= Secured by Design =

Police initiative in the UK

Secured by Design (SBD) is a police initiative in the UK that advises on the construction of buildings and development schemes to encourage the adoption of techniques or designs that are thought to discourage crime. SBD recommendations are included in the National Model Design Code and the programme incorporates training police officers as Designing Out Crime Officers (DOCOs), who are referred to in the National Planning Policy Framework, giving the initiative wide influence over British construction.

== History ==
Secured by Design was created in 1989 as a response to perceived failings of the estates built in the UK's postwar era, with two focuses: the vulnerability of certain construction methods, such as doors or glazing that were considered easy for burglars to bypass; and the wider design of housing estates or urban areas, which often incorporated pedestrian routes that were thought to create escape routes for criminals.

Secured by Design developed into a wide set of standards and design approaches, including on road and footpath layouts, lighting, street furniture, public or communal spaces (such as parks and playgrounds), fencing, planting, building positioning, and the materials used in construction. Urbanist Adam Greenfield says that Secured by Design is based on the principles of Defensible Space, developed in the 1970s by architect Oscar Newman.
The scheme is administered by Police Crime Prevention Initiatives, a limited company set up by the ACPO. After the ACPO's dissolution, ownership was transferred to the London Mayor's Office for Policing and Crime. The Director of ACPO Secured by Design in 2012 described the goals of the scheme as "reducing crime and the fear of crime through a blend of design and realistic physical security", claiming that "independent research shows that SBD properties suffer 50% less burglary" with other benefits across other forms of crime and the fear of crime.

== Criticism ==
Some urbanists and planners have criticised the power the police have over construction and public spaces. Urbanist Phineas Harper described the impact of the scheme as "rooted in systemic prejudices rather than community-centred design principles" and noted Secured by Design's promotion of cul-de-sacs, which have been increasingly criticised by urban planners for encouraging sprawl and unsustainable living.

Architect Russell Curtis criticised the scheme's standards as "diametrically opposed to good placemaking", citing examples of his practice where Designing Out Crime Officers had called for public areas to be gated off and arguing that they had too much influence over local authority planners. Echoing these criticisms, Gloucester City Council decarbonisation lead Jon Burke argued that SBD's recommendation to remove trees and greenery may also harm communities and increase overall crime, citing studies by the Yale School of Public Health that found increasing urban tree canopy cover decreased violent and property crime.
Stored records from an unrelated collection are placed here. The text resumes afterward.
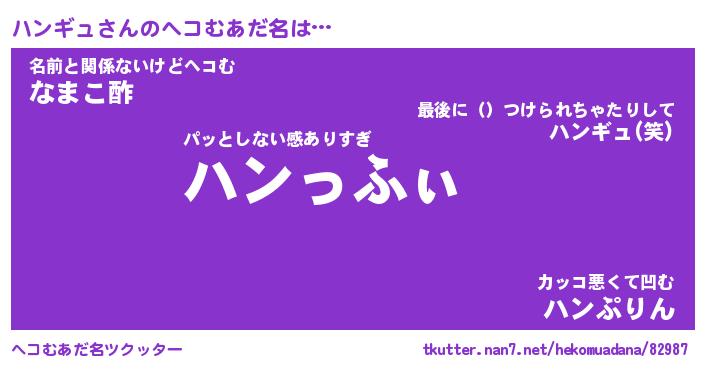 | 意味不明あだ名 | 『ペロリンハンギュ』『永久保存ハンギュ』 |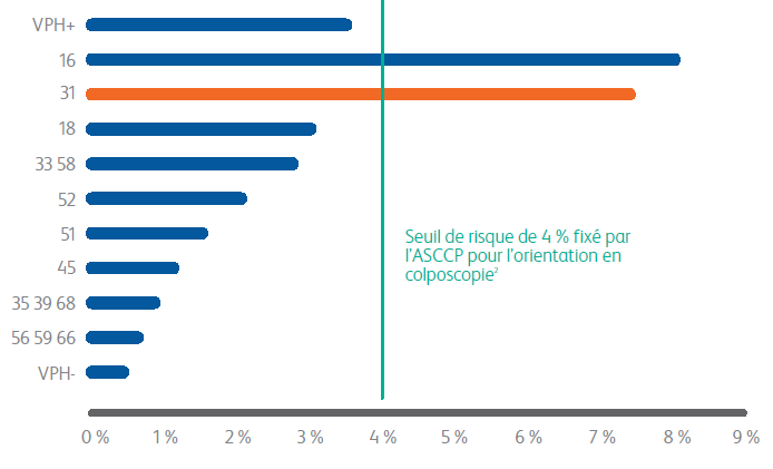 Un examen systématique de 16 études montre que le VPH 31 présente un risque similaire ou plus élevé de développer la maladie CIN3+ par rapport au VPH 18, supérieur au risque immédiat de 4 % du seuil du CIN3+ de l’ASCCP pour une orientation vers la colposcopie.4,5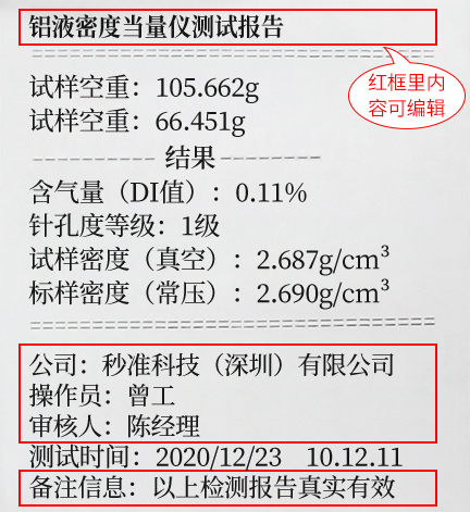郑州**合金科技有限公司通过朋友介绍联系我们到公司,王工分享铝液当量仪用途:在生产铝液铝合金浇铸件前,品质把控的好帮我们因为密度当量仪是在铝合金铸件浇注前,通过检测合金的密度当量检查铝液的精炼效果的一种精密检测仪器。密度当量值定量地反映铝合金中游离氢气、氧化夹渣物含量,从而能够判定合金精炼的效果好坏。是保证铸件质量的关键手段。需要一台方便在炉前检测的设备,方便于他们快速检测判定铝液品质。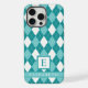 Customisable Teal Blue Green White Argyle Pattern iPhone Case
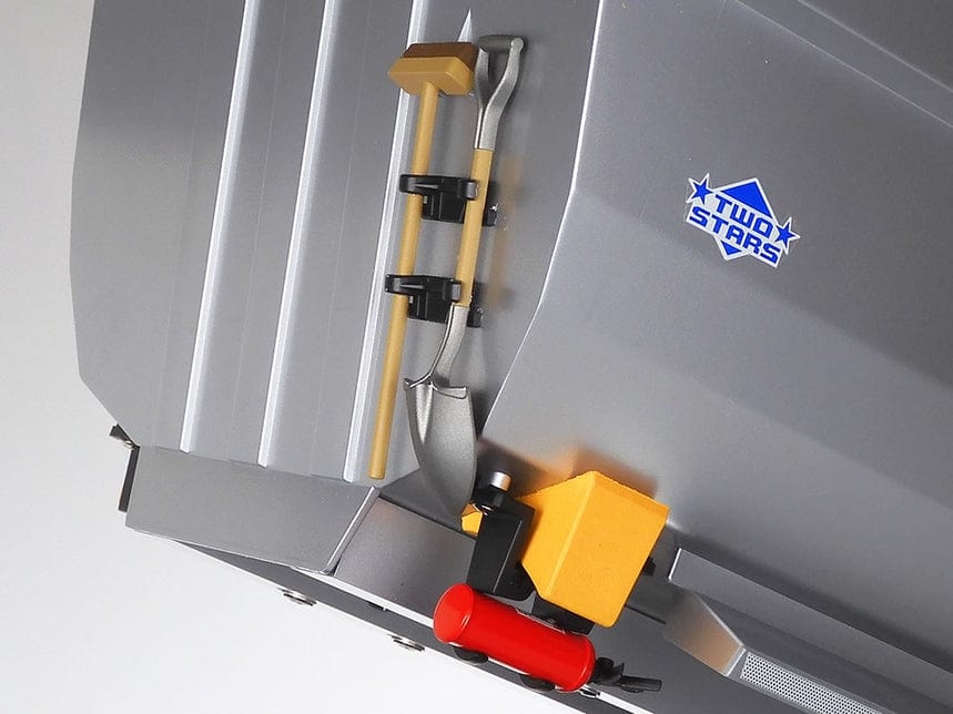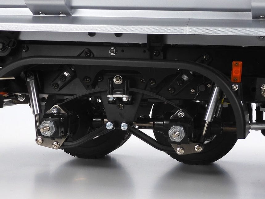 This separately sold set features parts to enable control of Tamiya 1/14 R/C tipper truck beds via separately sold transmitter. It includes geared motor, spindle shaft, link pieces and ACU-01 unit, and can raise beds carrying loads of up to 10kg. A clutch is installed to help prevent damage due to over-loading.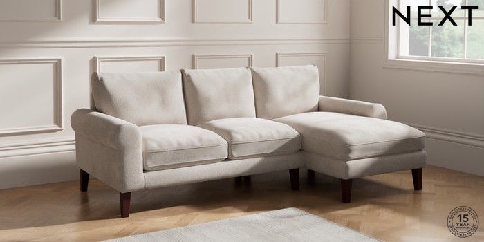 6.12.1 Buy Palermo Relaxed Sit Medium Sofa Chaise - Right Hand Chunky Chenille Oyster Tapered - Dark Brown from the Next UK online shop Click here to use our accessible website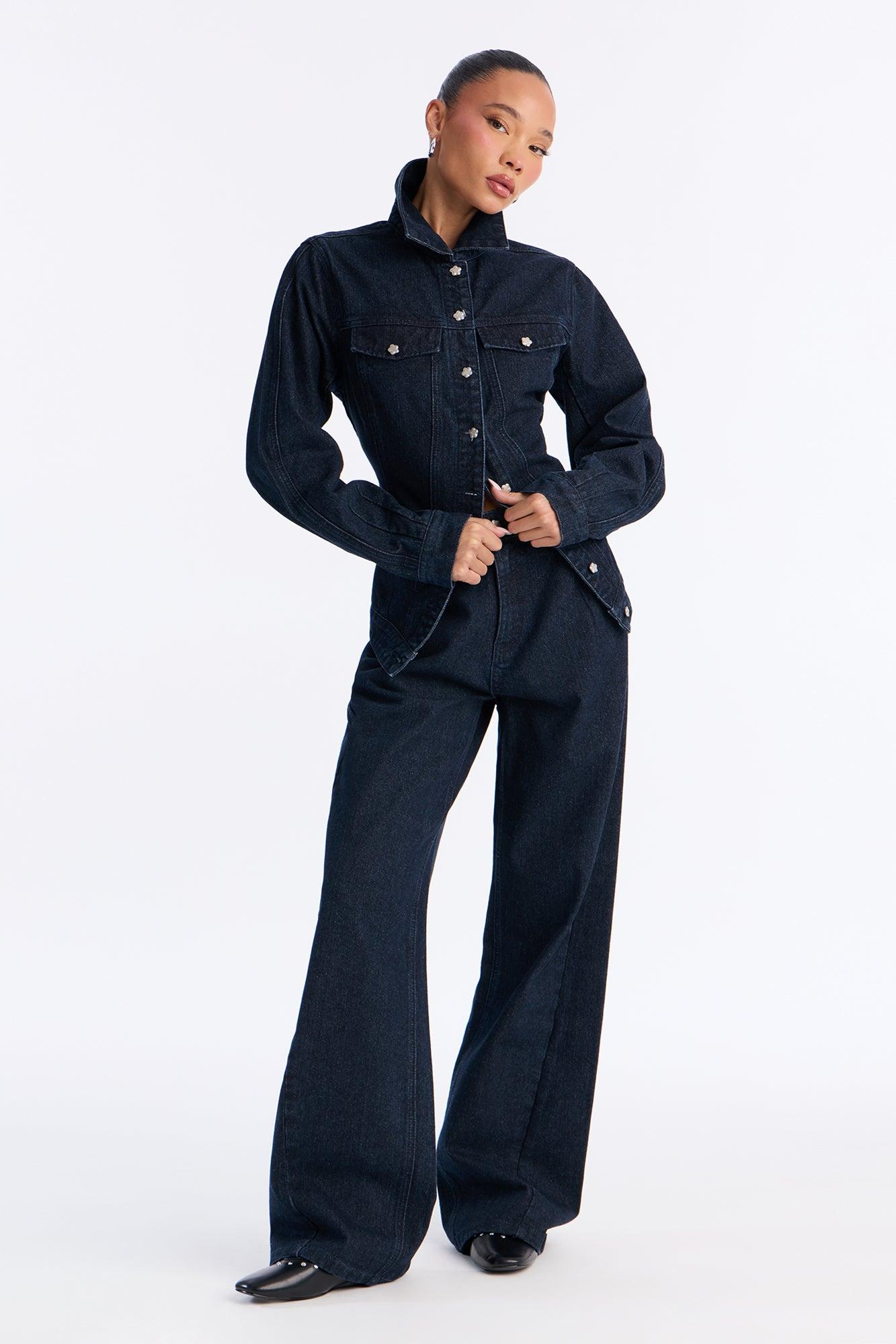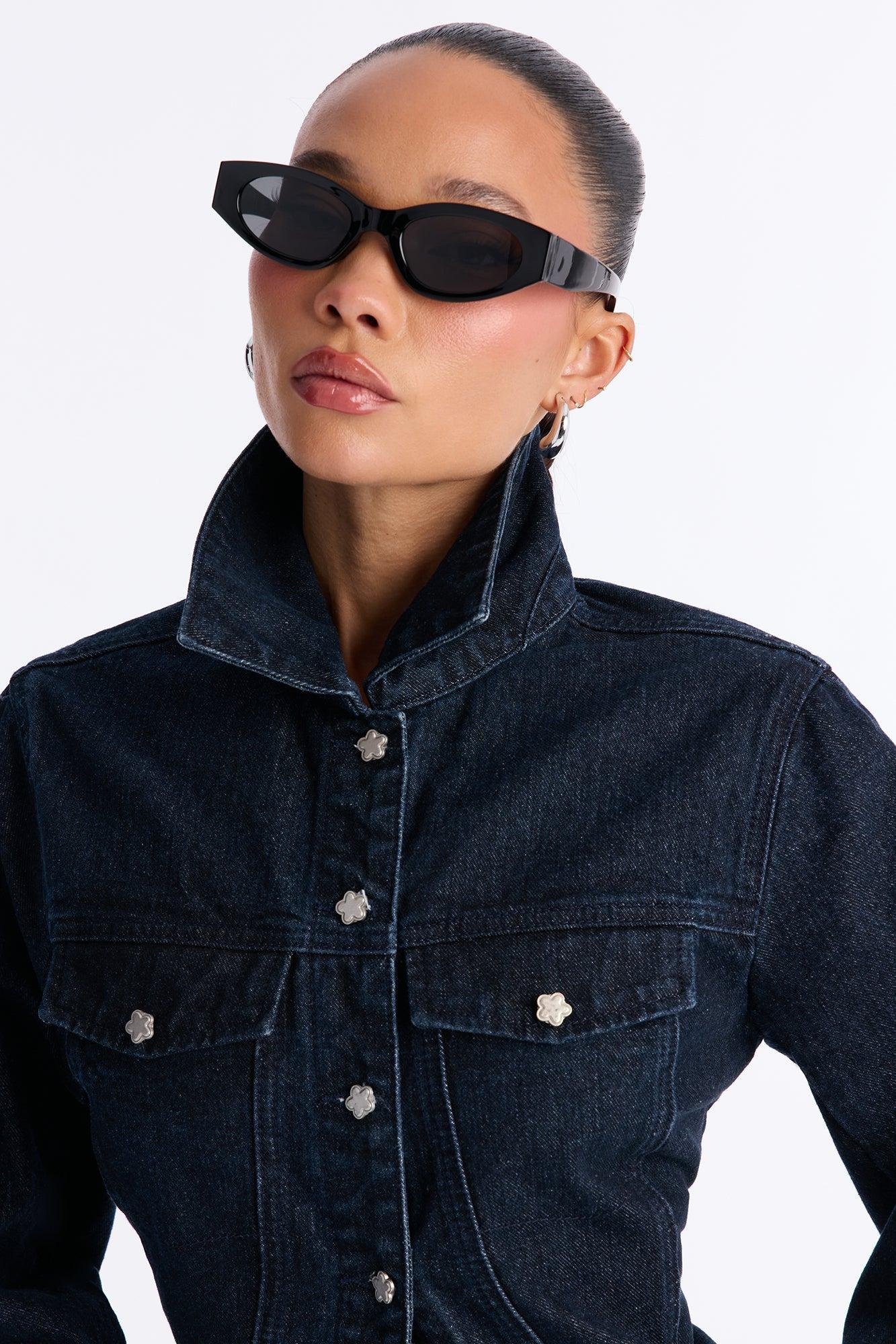 Available In Dark Denim. Denim Shacket Pair With Rosemond Wide Leg Jeans To Complete The Look! Collar Long Sleeve Flower Button Closure Non Functional Pockets 100% Cotton Non Stretch Imported California Proposition 65WARNING: Cancer and Reproductive Harm - www.P65Warnings.ca.gov.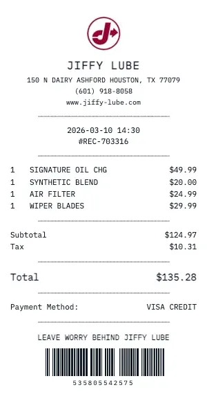 Whether you need a Jiffy Lube receipt for a warranty claim, return authorization, price adjustment, or expense documentation, our generator creates receipts that look exactly like the real thing. Customize store number, register number, transaction ID, and barcode.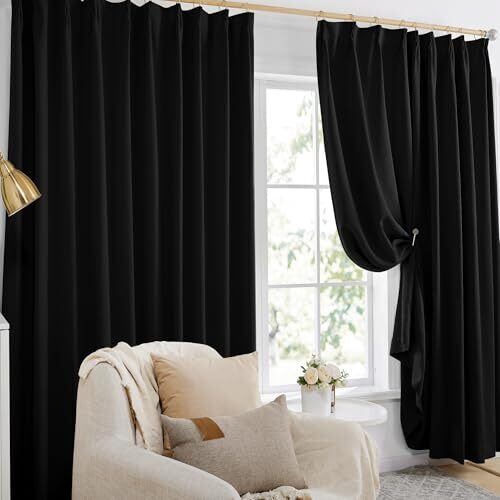 Deconovo 遮光カーテン ドレープカーテン 無地 幅130cm丈200cm ブラック 2枚入 1級遮光 おしゃれ 仕切り 幅広い 形状記憶加工 北欧 UVカット 断熱 防寒 節電対策 昼夜目隠し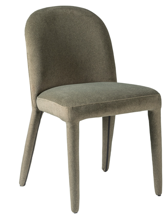 Оббивка стільця виконана з м’якого та розкішного мохеру кольору "макадамія". Цей теплий і приємний відтінок створює відчуття затишку та гармонії, додаючи приміщенню елегантного вигляду. Мохер, відомий своєю довговічністю, стійкістю до зносу та приємною текстурою, дарує максимальний комфорт під час сидіння.

Secured by Design has also been criticised for the removal of street furniture and planting, including a flower walkway in Southwark that was said to be blocking CCTV sight lines, benches and shrubs in parks in Ashford, and foot and bike paths in Horsham.

However, the UK police have defended Secured by Design's principles. Responding to Harper's criticisms, Matthew Scott, the Police and Crime Commissioner for Kent, claimed local residents in Ashford supported action to reduce anti-social behaviour. Jon Cole, the COO of Police Crime Prevention Initiatives argued that criticisms are based on misconceptions of the scheme, that cul-de-sacs are self-policing, and that overall "there is sometimes a little bit of inconvenience, but one which buys enormous amounts of safety."